> **WHAT THE EXERCISE ASKS**: With the pictures set aside, write out all of the data exactly as it stands.

**** DATA ****

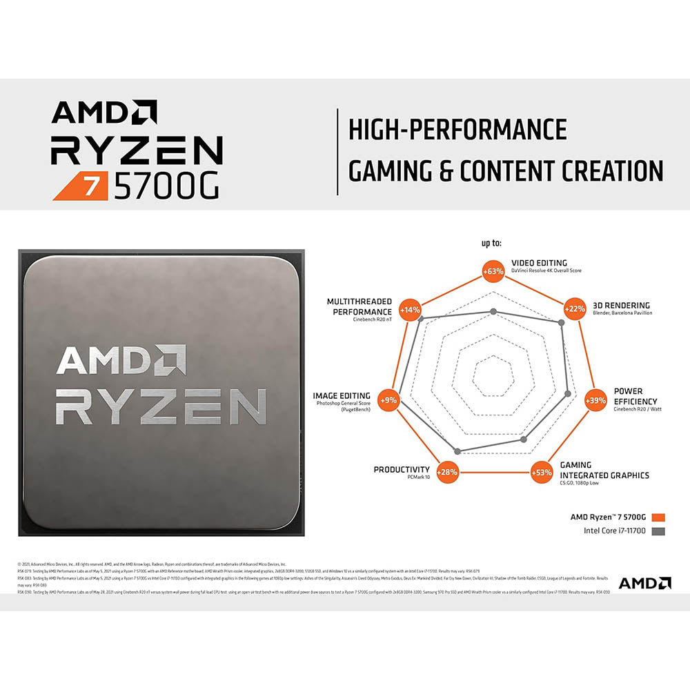 AMD Ryzen 7 5700G 8-Core, 16-Thread Unlocked Desktop Processor with Radeon Graphics
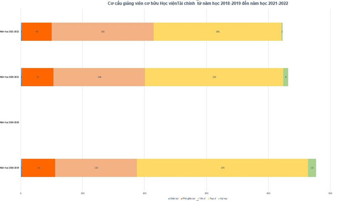 Như vậy, theo số liệu này, từ năm học 2018-2019 đến năm học 2021-2022, tổng số giảng viên cơ hữu của Học viện Tài chính giảm 54 người (11,3%). Trong đó, giáo sư không đổi; giảm 6 phó giáo sư (11,1%); tăng 33 tiến sĩ (25%).
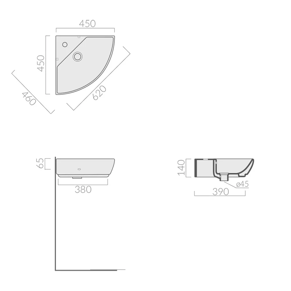 M2/5202 Раковина угловая 45*45см, с одним отверстием, белая
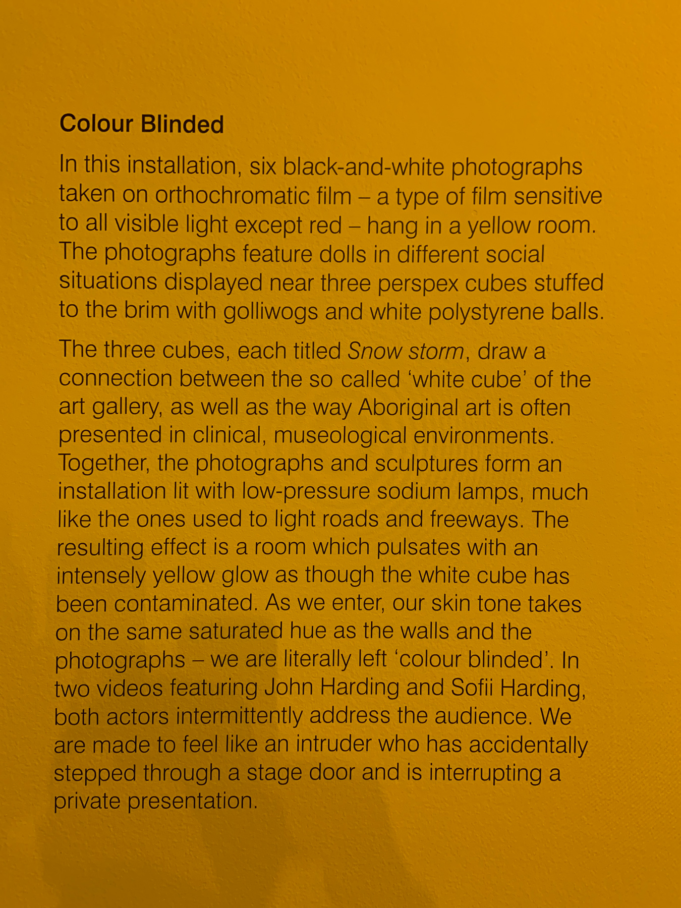 Personally, I would have liked to have seen a greater range of voices expressing themselves in this exhibition. It struck me that the inclusion of so much (historical) white art and so much contemporary Aboriginal art formed a rather limited framework in which to examine “who are you”. Rather, I would have liked a more balanced representation through art of the many voices that contribute to the formation of evolving Australian identities, which ultimately could lead to a greater insight into the construction of our own self-portrait. That is the truly important aspect of any navel gazing exercise.

****

> **EXPECTED ANSWER**:
 AMD Ryzen 7 5700G 8-Core, 16-Thread Unlocked Desktop Processor with Radeon Graphics
 Như vậy, theo số liệu này, từ năm học 2018-2019 đến năm học 2021-2022, tổng số giảng viên cơ hữu của Học viện Tài chính giảm 54 người (11,3%). Trong đó, giáo sư không đổi; giảm 6 phó giáo sư (11,1%); tăng 33 tiến sĩ (25%).
 M2/5202 Раковина угловая 45*45см, с одним отверстием, белая
 Personally, I would have liked to have seen a greater range of voices expressing themselves in this exhibition. It struck me that the inclusion of so much (historical) white art and so much contemporary Aboriginal art formed a rather limited framework in which to examine “who are you”. Rather, I would have liked a more balanced representation through art of the many voices that contribute to the formation of evolving Australian identities, which ultimately could lead to a greater insight into the construction of our own self-portrait. That is the truly important aspect of any navel gazing exercise.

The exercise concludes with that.